Onion prices were stable in India for a few months, but with the upcoming festivities in India, the demand and prices for the vegetable has already started increasing.

Rising demand coupled with heavy rainfall in the main onion producing regions across India is driving the prices of the vegetable up. The rain and lower temperatures are also impacting the quality of the onions in the market and have increased the spoilage rate. Onion traders are holding onions in their warehouses and cutting down on exports to meet the domestic demand in the coming weeks to fetch better prices.

The new onion crop is likely to come onto the market by November, until which time the prices of onions are going to increase. The higher the prices, the lower the exports will be as traders will focus on catering to the domestic market, which would offer high prices and lower logistical costs compared to exporting to other countries.

Global Sea freight situation

Weaker Demand for Chinese Goods Spells End of Shipping Boom. The cost of shipping goods from China has slumped to the lowest level in more than two years as the world economy stumbles, dimming prospects for container carriers that turned in record profits during the pandemic.

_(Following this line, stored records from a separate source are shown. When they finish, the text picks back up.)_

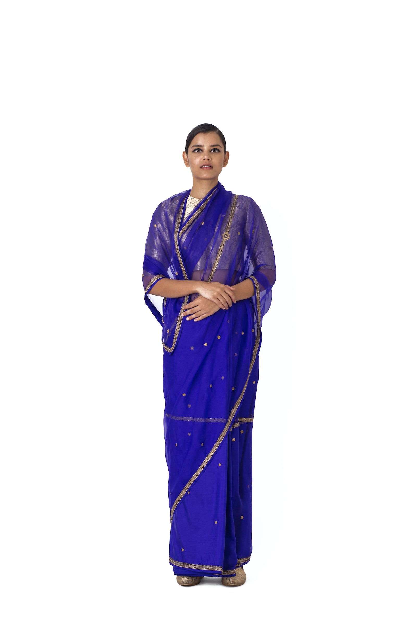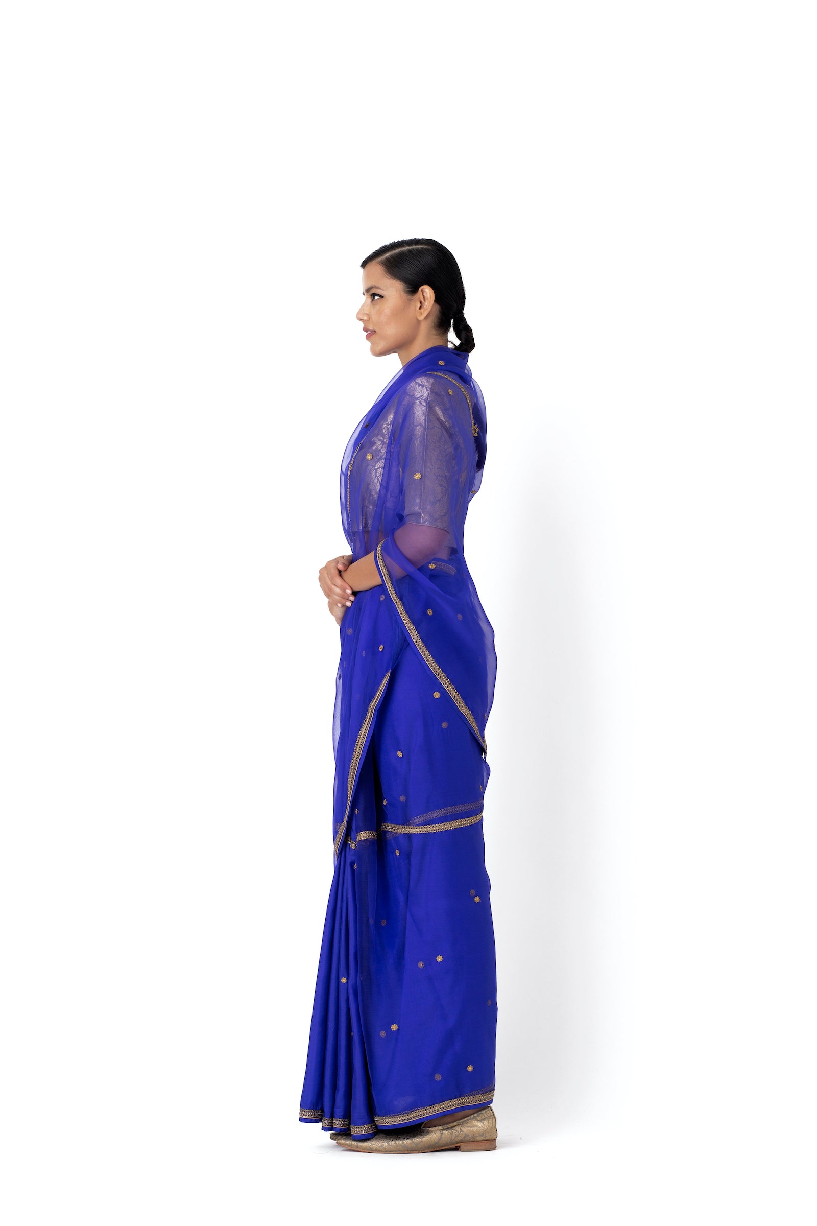 'Hazari' blue sari is made through the joinery of textiles: sheer organza silk and plain silk, which allows for a better suited drape and fall. It features a border and small floral butis embroidered through the intricate form of 'Aari' and 'Zardozi'.
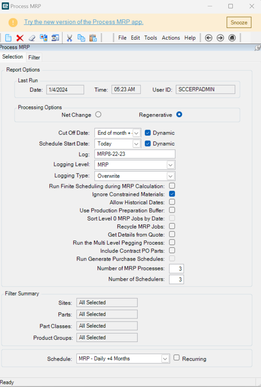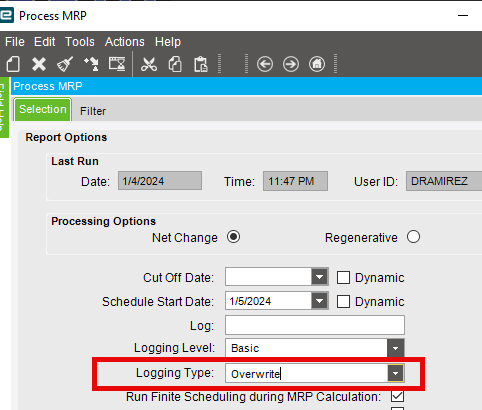 Apologies, this is a new Process MRP. Everything is the same (I just submitted it this morning) except the Log name is now “MRP_LatestLogFile”. All of our MRP runs have been set to Overwrite however.
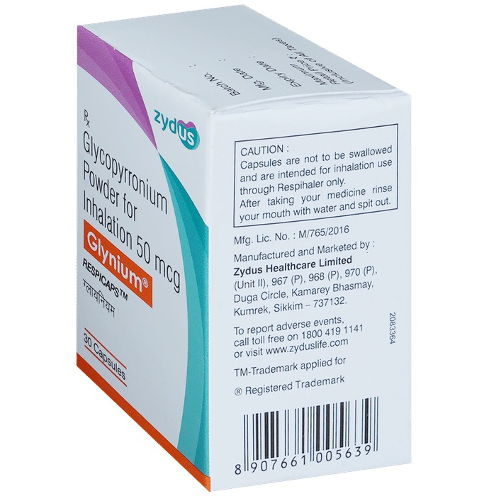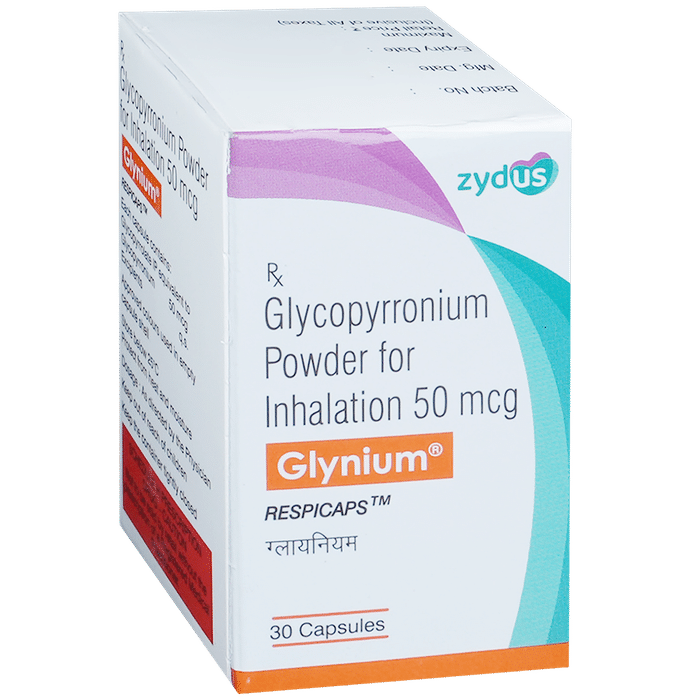 Glynium Respicap is used to treat chronic obstructive pulmonary disease (COPD). This medicine helps the muscles around the lungs to stay relaxed and reduces symptoms like coughing, chest tightness and shortness of breath. Your doctor will tell you how often you need to use Glynium Respicap. It is important that you take the lowest dose needed to effectively control your symptoms. The effect of this medicine may be noticeable after a few days but will only reach its maximum after a few weeks. This medicine must be used regularly to be effective, so continue using it even if you do not have any symptoms. If you stop taking it your symptoms of COPD may get worse. Thus, it should not be used to relieve sudden breathing problems. It is best to take the first dose of this medicine under medical supervision as it may cause wheezing or tightening of the airways.The most common side effects are sore throat, dry mouth, gastroenteritis, and insomnia. If you get these, do not stop taking it but do talk to your doctor. They may be able to help by adjusting the dosage or by precribing you an alternate medicine.Do not use this medicine if you have a known history to any of the ingredients of this product. This medicine may not be suitable for everybody, let your doctor know if you have any preexisting medical conditions. Let your doctor also know about all the medicines you are taking.
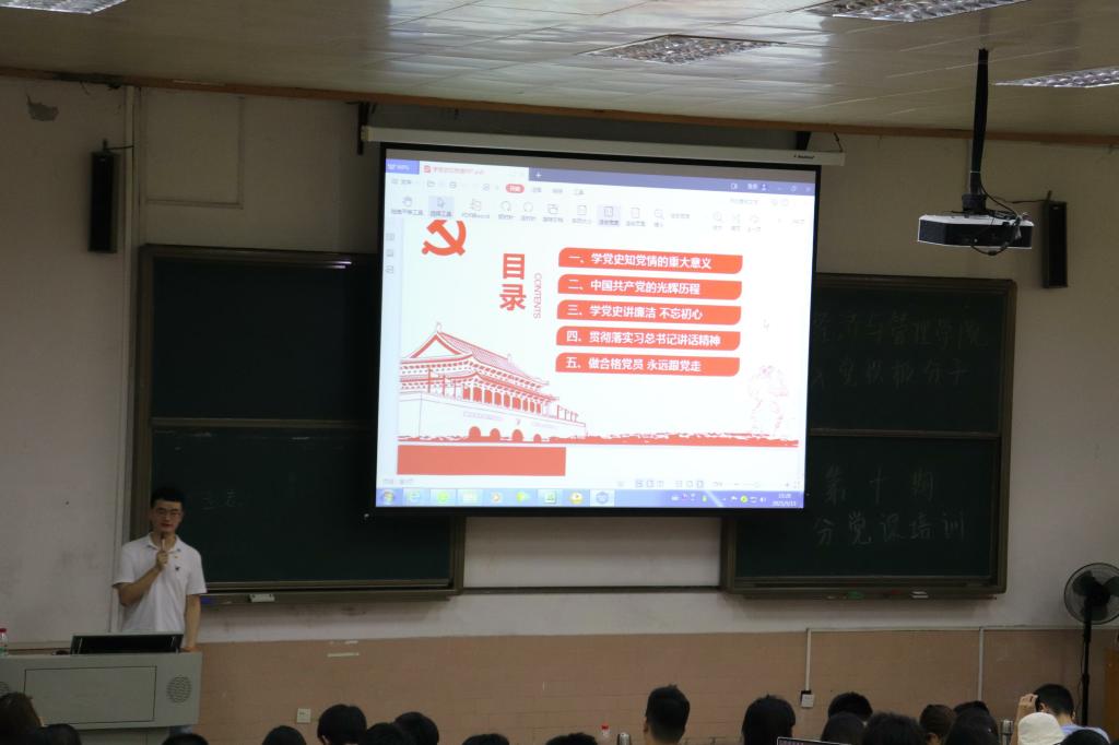 2021年5月13日下午,经济与管理学院第十期分党课第五讲于莞城校区5#1阶梯教室顺利举行。本次分党课由经济与管理学院工商管理系学生第一党支部书记刘文渊担任主讲人,面向经济与管理学院第十期入党积极分子授课。
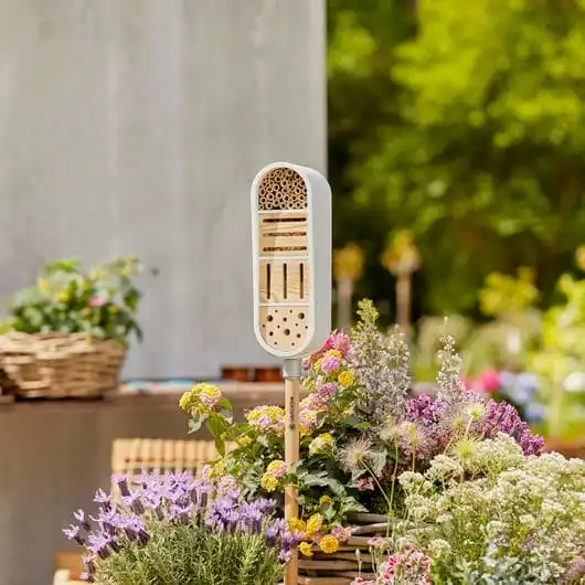 GARDENA ClickUp! InsektHotel er ikke kun til stor nytte for insekter som vilde bier, mariehøns og sommerfugle men er også en stilfuld og moderne tilføjelse til din have! Mange insektarter har stigende problemer i deres naturlige habitater til at rede, dvale eller fodre. Med redningshjælpen fra GARDENA ClickUp! Bidrager du til bevarelsen af den oprindelige mangfoldighed af arter.
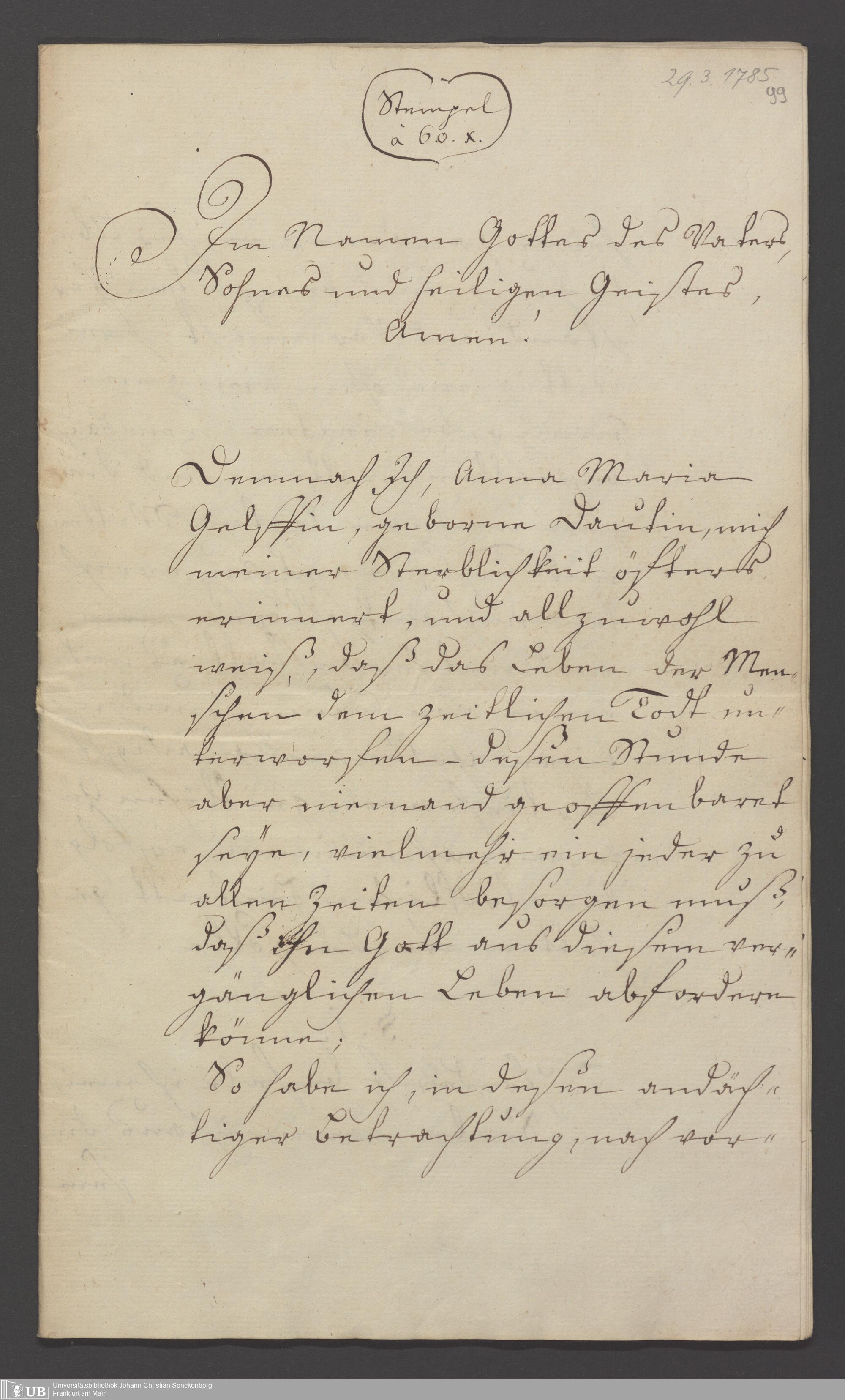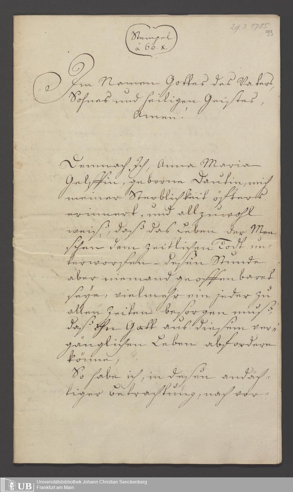 B 5 Dr. Senckenbergische Stiftung, 119 - Testament Anna Maria Gelff
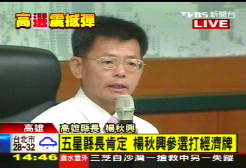 中新網8月9日電 據臺灣TVBS報道,高雄縣長楊秋興9日下午在縣府舉行記者會,正式宣布參選大高雄市長選舉,并對外體說明決定和參選的心路歷程。
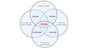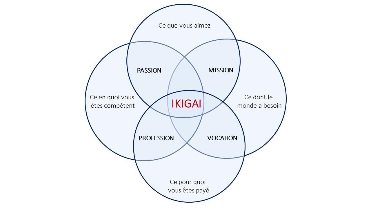 Au centre, se trouve IKIGAI, la conjonction parfaite de la passion, du sentiment d’accomplissement, de l’excellence et du travaiL Le bonheur.
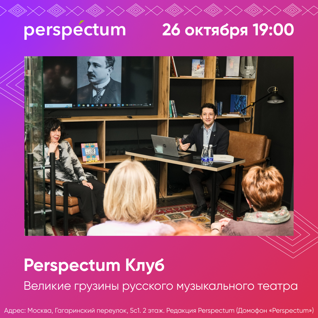 🇬🇪 На своей первой лекции в клубе Perspectum театровед Ярослав Седов рассказывал о грузинских актерах и режиссерах, составивших славу русского драматического театра. Темой новой встречи, которая пройдет 26 октября, в четверг, в 19:00 в уютном пространстве Perspectum в Гагаринском переулке, 5с1 (2 этаж, домофон Perspectum), вновь станут уроженцы Сакартвело, оставившие яркий след в истории нашего театра – на этот раз музыкального. Зураб Соткилава, Симон Вирсаладзе, Вахтанг Чабукиани, а кто еще? Об этом и поговорим!
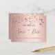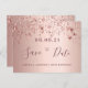 Ett feminin och glamoröst Spara datumkortet i 80 års födelsedagsfest. En feminin rosa, ro guld faux metallisk tittar bakgrund som dekoreras med faux ro guld mousserande stjärnor. Mallar för ett datum och din text. Mörk ro guld färgad brev. Texten: Spara datumet skrivs med ett stort trendig-handskript i stil. Baksida: ro guld bakgrund och stjärnor. Tips! Om du inte vill att det ska se ut som ett vykort klickar du på anpassa, går till baksidan och tar bort delaren och lägger till frimärke.

A 40-foot shipping box from the world’s largest port of Shanghai to Los Angeles fetched $3,779 last week, the first time the spot price was below $4,000 since September 2020 and half the level of three months ago and more declines are expected in the next few weeks. In what’s typically the peak season for seaborne trade, global demand for Chinese goods is waning instead as consumers cut back spending because of inflation and the shift away from goods toward services.

Factories in Europe and the rest of Asia are also scaling back production. China’s economic slowdown is also cutting into import demand, with companies in Asia and Europe seeing weaker growth or declines in orders from Chinese companies.